TLA – Introduction

The Thesaurus Linguae Aegyptiae (TLA) is the non-commercial, freely accessible digital publication platform of the Academies’ project “Strukturen und Transformationen des Wortschatzes der ägyptischen Sprache: Text- und Wissenskultur im Alten Ägypten” (“Structure and Transformation in the Vocabulary of the Egyptian Language: Texts and Knowledge in the Culture of Ancient Egypt”). It is funded by the Academies’ Programme of the Union of the German Academies of Sciences and Humanities, and it is executed at the Berlin-Brandenburg Academy of Sciences and Humanities (Berlin) and the Saxon Academy of Sciences and Humanities (Leipzig).

The TLA provides a digital text corpus of lemmatized and annotated ancient Egyptian texts in hieroglyphic, hieratic, and Demotic scripts together with a corresponding set of lemma lists.

The TLA text corpus and its lemma lists make it possible to gather a wide range of information and to address historical, anthropological, and linguistic research questions relating to one of the earliest attested human civilizations and languages. Thanks to the constant work of the project team and worldwide cooperation, the text corpus and lemma lists are constantly increasing, offering an ever-growing anthology of preserved ancient Egyptian texts.

The TLA text corpus and its lemma lists can be used separately, or they can be searched in combination. Search results in the text corpus have the form of parts of texts in Egyptological transliteration on the sentence level, which in turn lead to the cotext up to the full text level (not yet in v2.0, unfortunately). All sentences come with a translation in German, and in some instances there is an English or French translation. Moreover, a growing number of hieroglyphic and hieratic texts also quote the individual words as strings of digitally encoded hieroglyphs (JSesh Manuel de Codage and Unicode). Every lemma list item (lemma) and every text item is annotated with additional metadata, such as bibliographical references, commenting notes, dating, etc.

TLA – History of the TLA

The TLA builds upon lexicographical work on the Ancient Egyptian language conducted under the direction of Adolf Erman at the Königliche Akademie der Wissenschaften zu Berlin starting in 1897, which resulted in the printed Berlin dictionary (A. Erman & H. Grapow, Wörterbuch der aegyptischen Sprache, 5 vols., 1926–1931, seven further supplement volumes until 1961). In 1992, the project “Altägyptisches Wörterbuch” (1992–2012) was inaugurated at the same academy (now: Berlin-Brandenburg Academy of Sciences and Humanities, BBAW). Its new digital agenda was the creation of an electronic lemmatized corpus of Egyptian texts. In 1996, a second team at the Saxon Academy of Sciences and Humanities in Leipzig joined the project.

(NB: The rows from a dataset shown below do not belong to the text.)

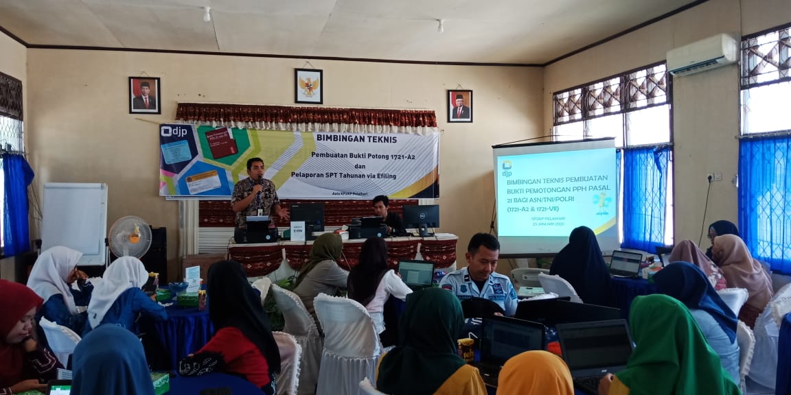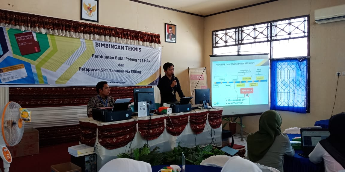 Kantor Pelayanan Penyuluhan dan Konsultasi Perpajakan (KP2KP) Pelaihari kembali menyelenggarakan kegiatan Bimbingan Teknis (Bimtek) Pembuatan Bukti Potong 1721-A2 & 1721-VII di Aula KP2KP Pelaihari, Kabupaten Tanah Laut, Kalimantan Selatan (Kamis, 23/1).
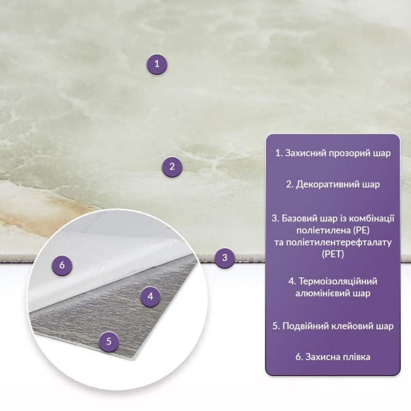 Як і в натуральних матеріалах, малюнки РЕТ плиток можуть трохи відрізнятися між собою, зберігаючи при цьому загальний дизайн та колір, що ще більше підкреслює природну імітацію. Також просимо взяти до уваги, що виробник має право змінювати зовнішній вигляд товару, зокрема відтінок та малюнок, на власний розсуд і без попереднього повідомлення.Шари матеріалу:
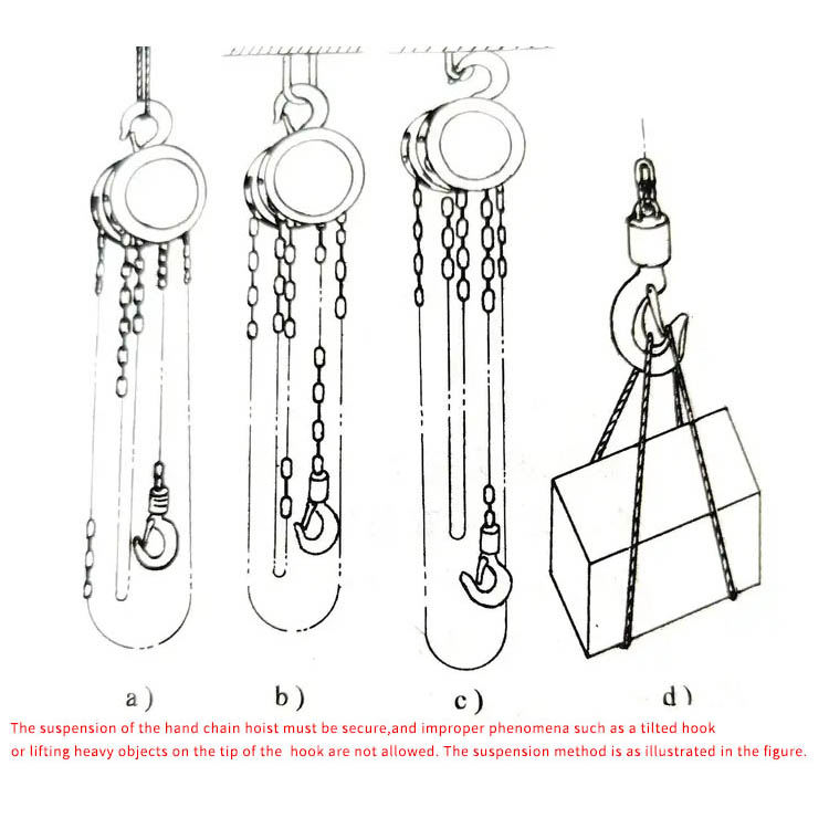 Erityisvaroitus: Jos ketju juuttuu, jarrut katkeavat tai ilmenee muita poikkeavuuksia, lopeta nostimen käyttö välittömästi ja anna ammattilaisen tarkastaa se. Turvallisuus on ensiarvoisen tärkeää; asianmukainen toiminta suojaa sekä laitteita että, mikä tärkeintä, ihmishenkiä.
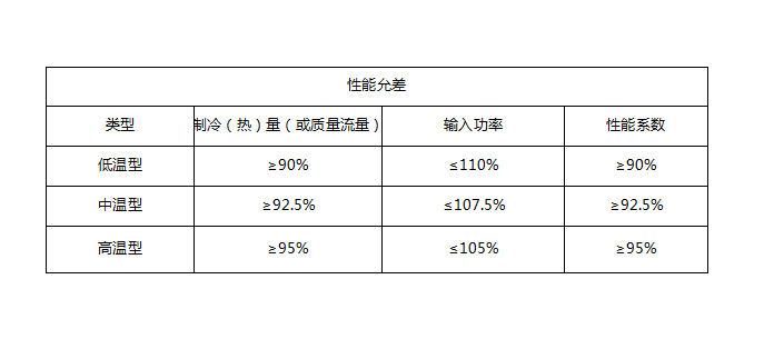 高溫型壓縮機(jī)或壓縮機(jī)組的制冷量、熱量或質(zhì)量流量應(yīng)大于等于95%,輸入功率小于等于105%,性能系數(shù)大于等于95%。
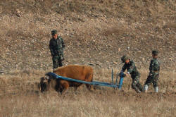 North Korean soldiers plow the land with an ox from the North Korean
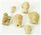 Sei teste pertinenti a statuette votive, fra le quali spiccano due teste maschili barbate di uomo maturo di bella qualità e quattro teste femminili con acconciature variegate
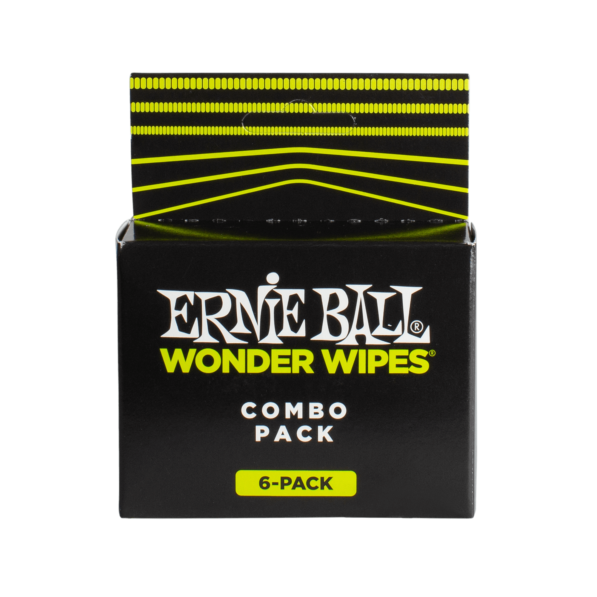 Wonder Wipes Combo 6-pack of individually sealed instrument care wipes. Each box includes 1 pack of Fretboard Conditioner, 2 packs of Instrument Polish, and 3 packs of String Cleaner.
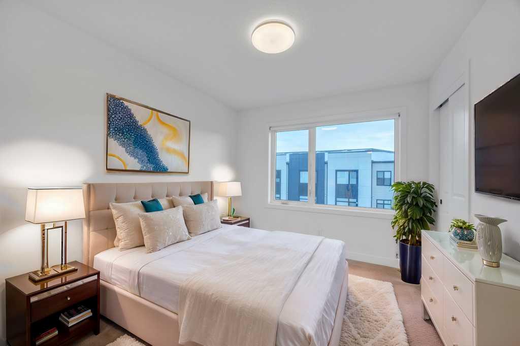 ?Welcome to Unit 306 a rare find featuring 4 bedrooms, 3.5 bathrooms, with Low condo fee at SouthTowns in East Hills Crossing, nestled in the highly accessible community of Belvedere. This stunning townhome offers breathtaking views of Downtown Calgary and the mountains from its expansive second-floor balcony. Boasting 4 spacious bedrooms, 3.5 bathrooms, and a single tendem-car garage to accomodate 2 cars, this home is designed for comfort and convenience. At the entrance on the lower level, there is a full bedroom and a bathroom, perfect to be used as a "Guest bedroom", an office area for parents who like to stay at the main floor. Main level offers a large kitchen, a huge living area with a lot of windows, a separate dining area, a 2pc bathroom and a balcony for your summer barbeque parties. Upstairs, the primary bedroom offers a 4-piece ensuite and a walk-in closet. Two additional bedrooms, a 4-piece bathroom, a laundry area, and a large linen closet complete the upper level. Situated close to a variety of amenities, this home is just steps from a playground, basketball court, restaurants, Costco, Walmart, and numerous other retailers.
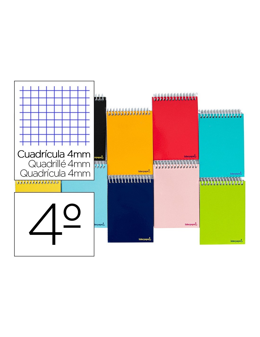 CUADERNO ESPIRAL LIDERPAPEL CUARTO APAISADO SMART TAPA BLANDA 80H 60GR CUADRO 4MM CONMARGEN COLORES SURTIDOS
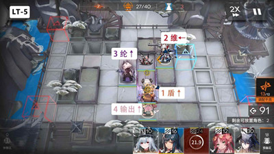 第五关:延续第四关阵容,维1、奶盾、地刺三人组基础上,高台补充输出,利用特种装置方便叠层。
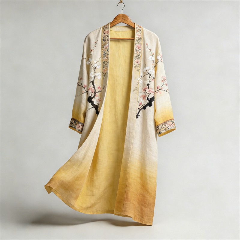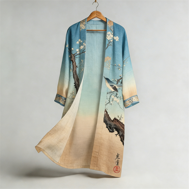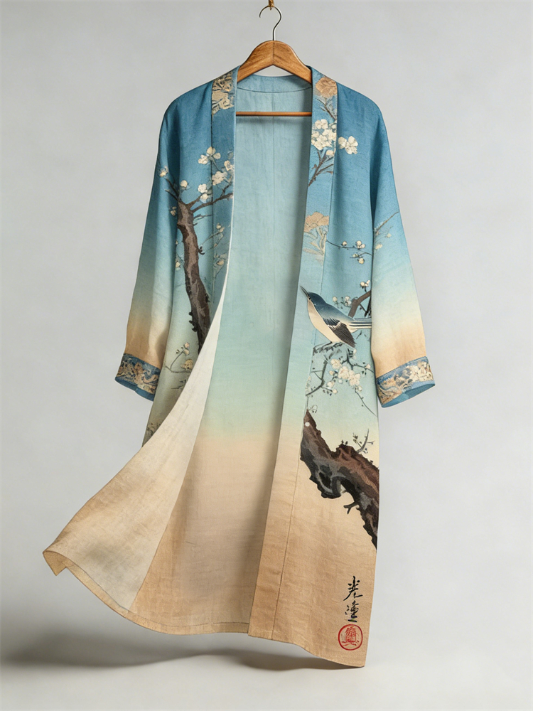 Japanese Bird Plum Blossom Gradient Flowy Long Linen Kimono
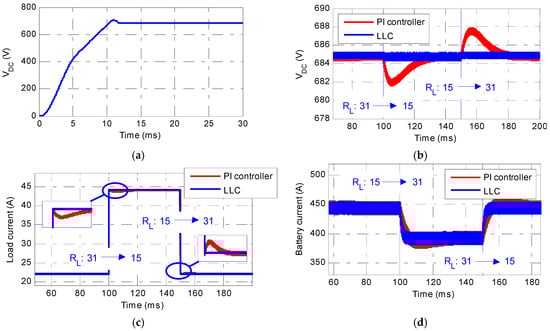 The load variation scenario included load changing from 31 Ω to 15 Ω and back again. The performance of the PI controller and LLC against the load variation is depicted in Figure 9b. As can be seen, the LLC showed outstanding performance.
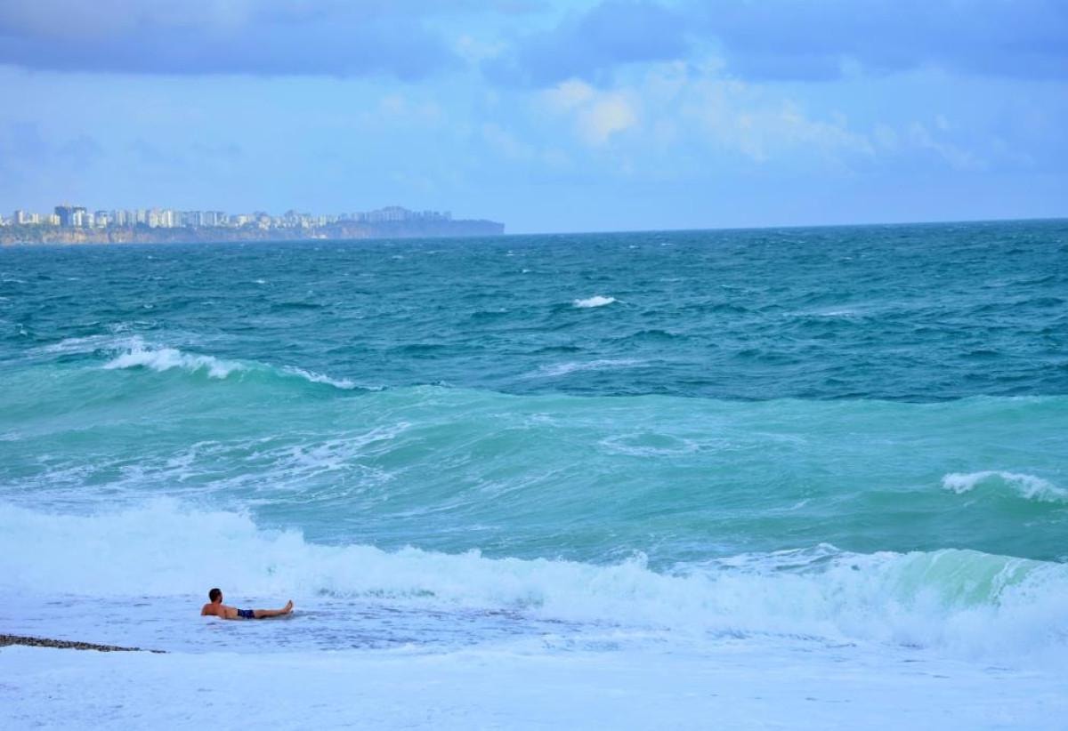 Dünyaca ünlü Konyaaltı Sahili'nde rüzgarın etkisiyle dev dalgalar oluştu. Sahile gelenler, oluşan manzarayı cep telefonlarıyla kaydederken, bir Rus turist ise denizin keyfini sürmeye devam etti.
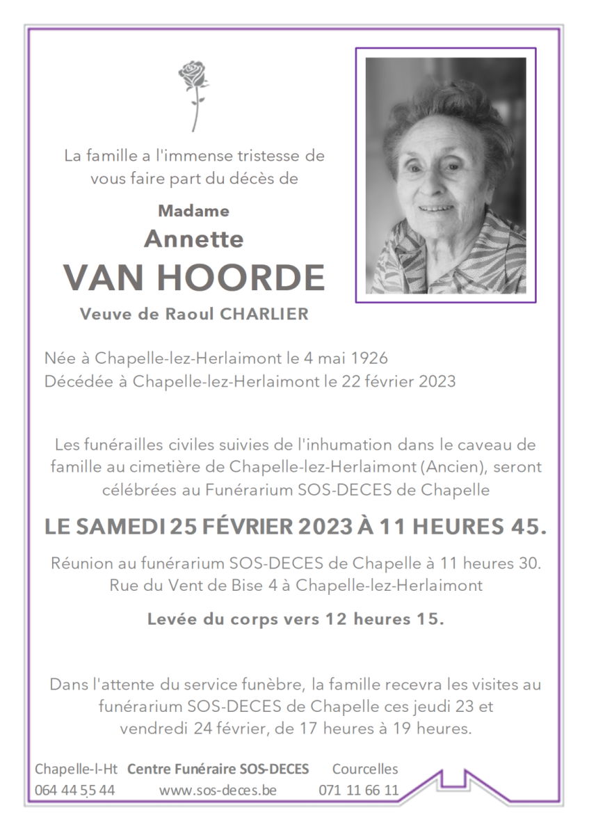 Décédée à Chapelle-lez-Herlaimont le 22 février 2023 à l'âge de 96 ans
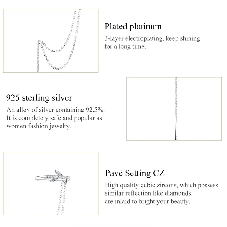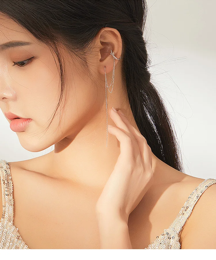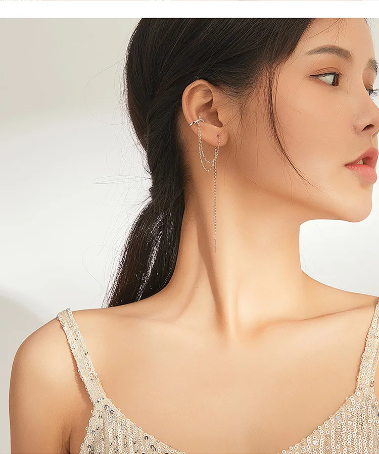 Material: S925+Plated platinum+Pavé Setting CZ length:5-14.5cm Description: The minimalist chain inject the elements of sparkling ear bone clip is the amazing design and create a funky and sweet style.
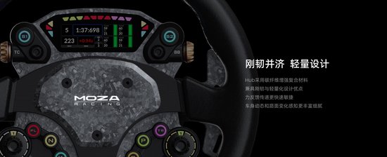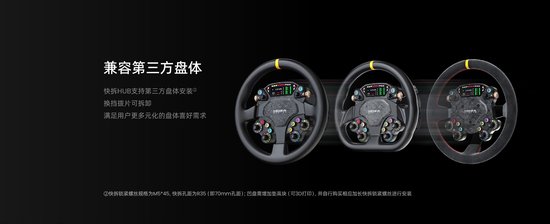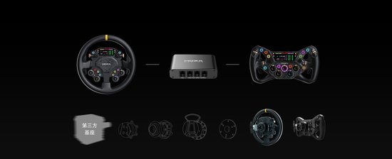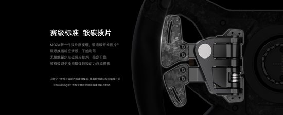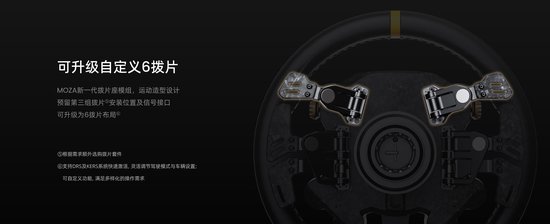 HUB支持快速拆卸,可兼容安装第三方盘体,玩家可以根据自己的喜好更换不同盘体,满足了热衷DIY及个性盘体材质的玩家需求。MOZA新一代拨片座模组,采用可拆卸锻造碳纤维拨片、磁吸换挡结构及无接触霍尔感应技术,响应快速清晰、稳定可靠。此外,还预留了第三组拨片的安装位置及信号接口,用户可根据个人需求升级为6拨片布局,体验更加专业的竞技操作。
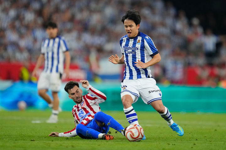 [세비야=AP/뉴시스] 레알 소시에다드의 쿠보 다케후사(오른쪽)가 18일(현지 시간) 스페인 세비야의 에스타디오 라 카르투하 데 세비야에서 열린 2025-26 스페인 코파 델 레이(국왕컵) 결승 아틀레티코 마드리드와 경기 중 공을 다투고 있다. 레알 소시에다드는 2-2 무승부를 기록해 승부차기 끝에 4-3으로 승리하고 우승컵을 들어 올렸다. 2026.04.19.
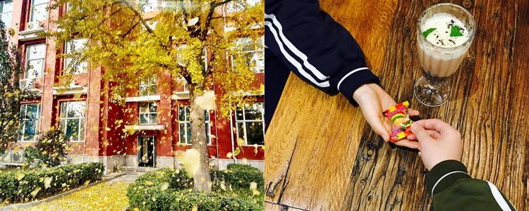 感动瞬间· C楼门前的一棵银杏树(左)、不知名学姐(右)
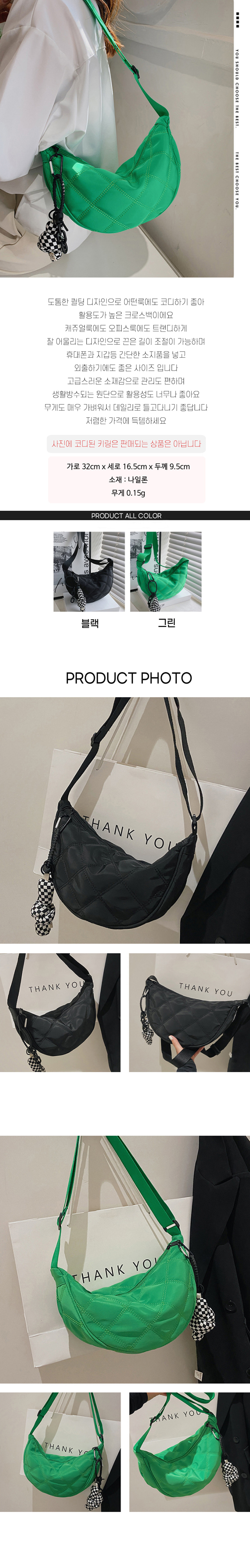 가벼운 퀼팅 반달 크로스백
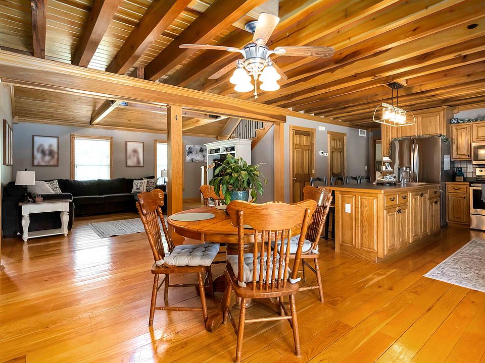 Custom-Built Home on 2.7 Acres with In-Ground Pool, 2 car Attached Garage, and a Creek! This stunning custom-built home offers a perfect blend of charm and functionality in a peaceful country setting. Featuring custom wood floors & ceilings, this home's unique craftsmanship is sure to impress.The main floor includes a spacious living room, a kitchen with a large island & bar sink, ample pantry space, a primary suite with a whirlpool tub & walk-in closet, an additional full bath, a utility room, and a flexible dining area and home office space. Upstairs, offers beautiful views of the main floor and enjoy a loft-style home office, two bedrooms, a full bath, and a bonus room. The spacious full finished basement features two bedrooms, a full bath, and a large family room, kitchenette, & large storage room. Step outside to enjoy the covered back patio leading to the in-ground pool, large barn, large carport thats perfect for boat/camper storage and on the covered front porch, the serene creek on your property. A rare find—don't miss out! 1 yr home warranty at closing with full price offer. Schedule your showing today!
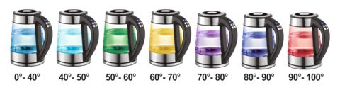 Стеклянный электрочайник с функцией настройки температуры и внутренним светодиодным кольцом, изменяющим цвет во время работы в зависимости от того, насколько горяча вода.
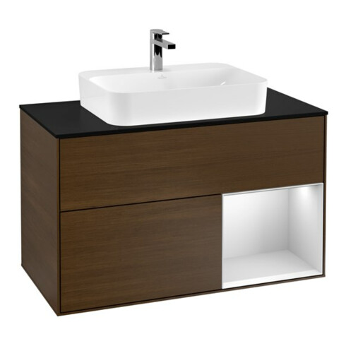TTCV&B Finion Meuble sous lavabo 100 cm, bleu, étagère droite blanche, laqué, veinage bois
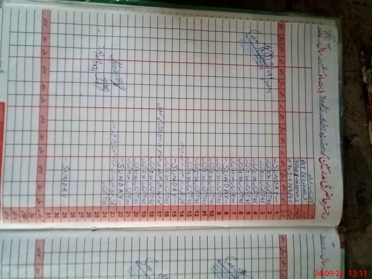 | CNIC | Full Name | Designation | R/C | Absence During Last Calender Month |
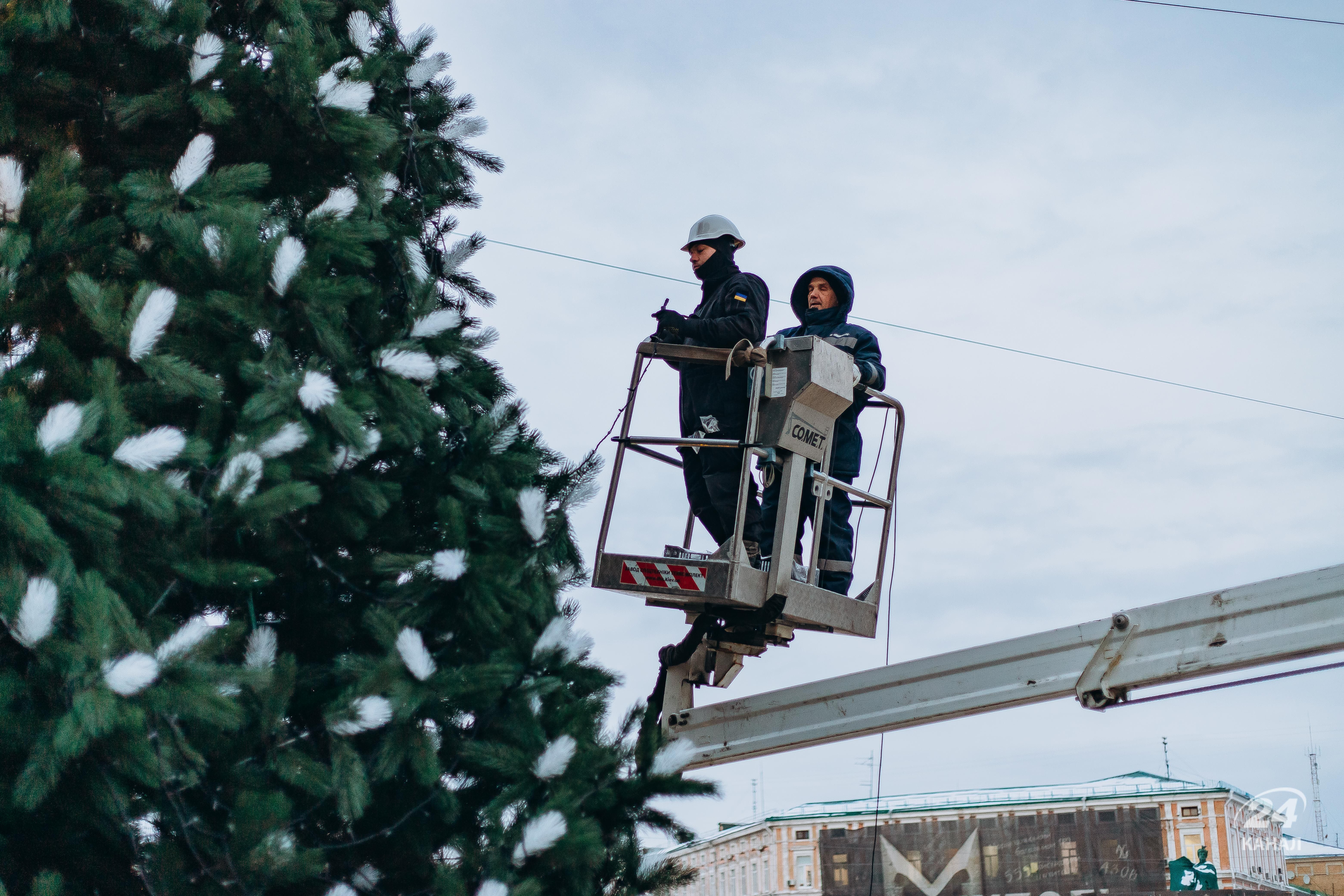 - Організатори встановлення зауважили, що вирішили поставити ялинку, аби підтримати традиції, а не влаштовувати шоу. Тому біля дерева поставили менші ялиночки: на них будуть прикраси із QR-кодом. Іграшки можна забрати собі, але за донат на ЗСУ.

The first step of the digital agenda was taken in 1999 when the text corpus slips that had been printed, edited and lexicographically arranged in boxes in the decades of work on the original Wörterbuch were digitized and published online as the Digitalisiertes Zettelarchiv (DZA) [des Wörterbuchs der ägyptischen Sprache]. While the printed outcome of the original Wörterbuch project in the early 20th century referenced only about 10% of the collected material in the supplementary Belegstellen volumes (1935–1953), the digitized slip archive offered and still offers free access worldwide to the complete textual basis of the original Wörterbuch project.

The first TLA web application was mainly programmed by the former research coordinator and project leader Stefan Seidlmayer and was put online on October 31, 2004— Adolf Erman’s 150th birthday. Since then, the TLA has become a reliable and powerful research instrument for Egyptologists. Its several search functionalities, such as search for Egyptian words (lemmata), search for word collocations and combinations, and search for hieroglyphic spellings (of lemmata), are designed to help scholars to pursue their philological, linguistic, or historical research interests. By 2014, the year of the last update of this first, now “legacy” TLA, the text corpus had increased to about 1.2 million instances (tokens) of Egyptian lemmata.

Meanwhile the TLA’s editorial system (Berlin Text System, BTS) contains about 1.49 mill. lemma tokens. However, only texts whose authors have agreed to share their contributions under a free license will be published in the present new TLA. The current version of the “new TLA” only offers limited functionality. Therefore, the “legacy TLA” will stay online as long as technically possible, or until the constantly improving functionalities of the “new TLA” make the “legacy TLA” obsolete.

Some prospects for the future

A complete lemma network of the Egyptian-Coptic language

The two already implemented reference lists for lemmatization, the hieroglyphic/hieratic lemma list and the Demotic lemma list, are to be completed by a third component: the Coptic lemma list, including the Greek loan words that became part of the Egyptian lexicon in the 1st millennium CE (see lemma lists).

TLA raw data: JSON and TEI/EpiDoc XML

The texts, lemma lists and thesauri that are edited in the input application BTS will not only be published on the TLA website, they will also be available in a lasting online repository in the form of raw JSON files as well as in the form of Text Encoding Initiative (TEI) XML files.